Treasure Cave closed in 1993, and a few years later Jirik and Randy Ochs, former employees, bought the site and formed the Faribault Dairy Company. Jirik and Ochs were later joined by Mike Gilbertson and introduced the first Amablu cheese in 2002.

Today, the company’s 18 ½ employees—the half is 82-year-old part-timer Dorothy, a former Treasure Cave supervisor—produce nearly 1 million pounds of cheese a year. The Amablu (aged 75 days), Amablu Gorgonzola (aged 90 days), and St. Pete’s Select (aged five-plus months) wheels, wedges, and crumbles have been awarded a Minnesota State Fair blue ribbon, plus honors from both U.S. and world cheese championships.

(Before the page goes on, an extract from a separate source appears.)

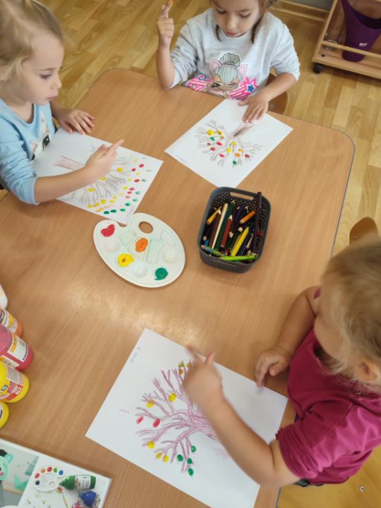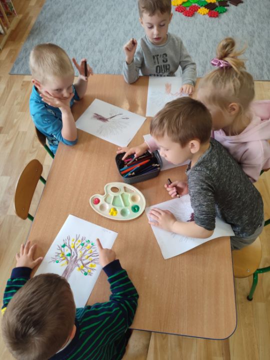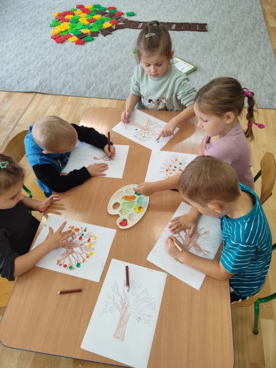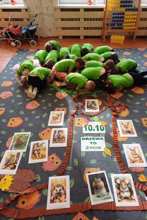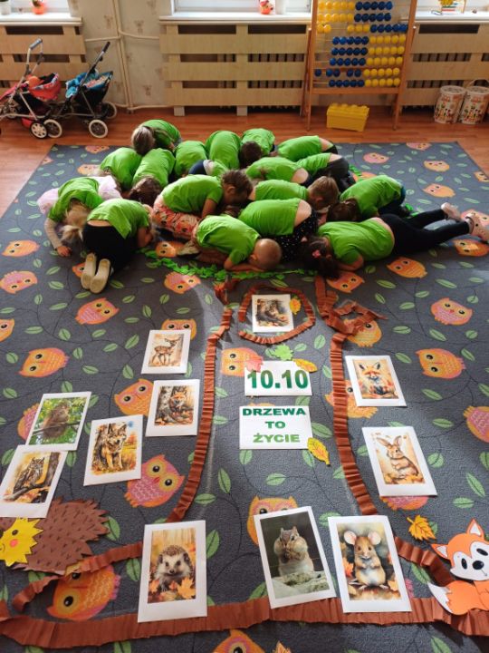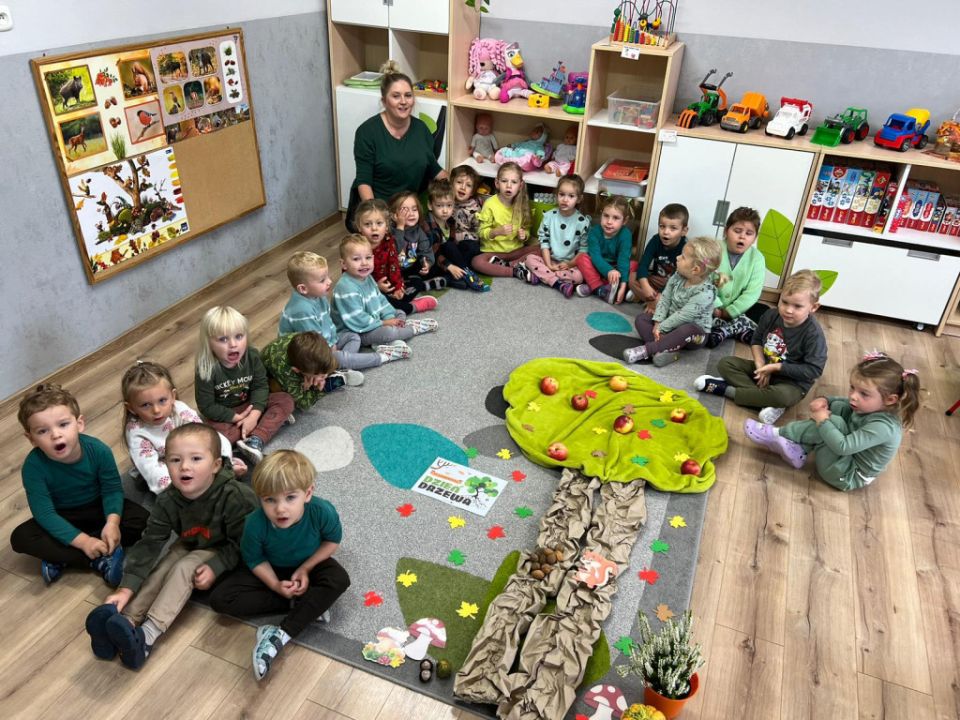 Dnia 10 października obchodzimy na całym świecie Dzień Drzewa. Dzieci z Przedszkola Kolorowy Wiatraczek wraz z nauczycielkami włączają się aktywnie w zabawy i działania dostarczające wiedzy na temat wartości jakie niosą ze sobą te zielone filtry. Odbywają wycieczki i spacery po lesie, obserwują drzewa oraz ich otoczenie, porównują liście i owoce, nazywają je, uczą się o korzyściach jakie nam dają. Każdego roku przedszkolacy również sadzą drzewka, by nasze place zabaw były zacienione i pełne zieleni. Dzieci wiedzą, że drzewa latem zapewniają cień i dostarczają niezbędnego tlenu, a zimą stanowią naturalną barierę przed wiatrem, ulepszają też jakość gleby, zwiększając jej możliwości pochłaniania wody. Przedszkolacy tworzą makiety drzew, poznają różnorodne środowiska wokół drzew, zwierzęta, które przy nich znajdują schronienie. Tworzą zielniki, zbierają dary przyrody w swoich zielonych, jesiennych kącikach – kasztany, żołędzie, jarzębinę. Rozwiązują też zagadki i słuchają opowiadań oraz piosenek o drzewach. Przy okazji dowiadują się, że są drzewa iglaste, które mają szyszki i liściaste, na których rosną różnorodne owoce.

The Faribault cheeses have been catching on fast, with sales doubling each year. Lunds and Byerly’s, Kowalski’s, Cub Foods, SuperTarget, and Whole Foods, among others, carry them, and they’re also available for purchase at www.faribaultdairy.com. They’re served at the Depot in Faribault and a number of Twin Cities restaurants, including Muffuletta, the Oceanaire Seafood Room, and the Sample Room. Michael MacKay, the Sample Room’s chef, says he uses Amablu and St. Pete’s Select “because of its versatility and quality—I get compliments all the time.”

As we ended our tour of the chilly grotto, Jirik offered me a sample of Amablu. I savored a bit and recalled poet Robert Southey’s words: “Blue, darkly, deeply, beautifully blue.”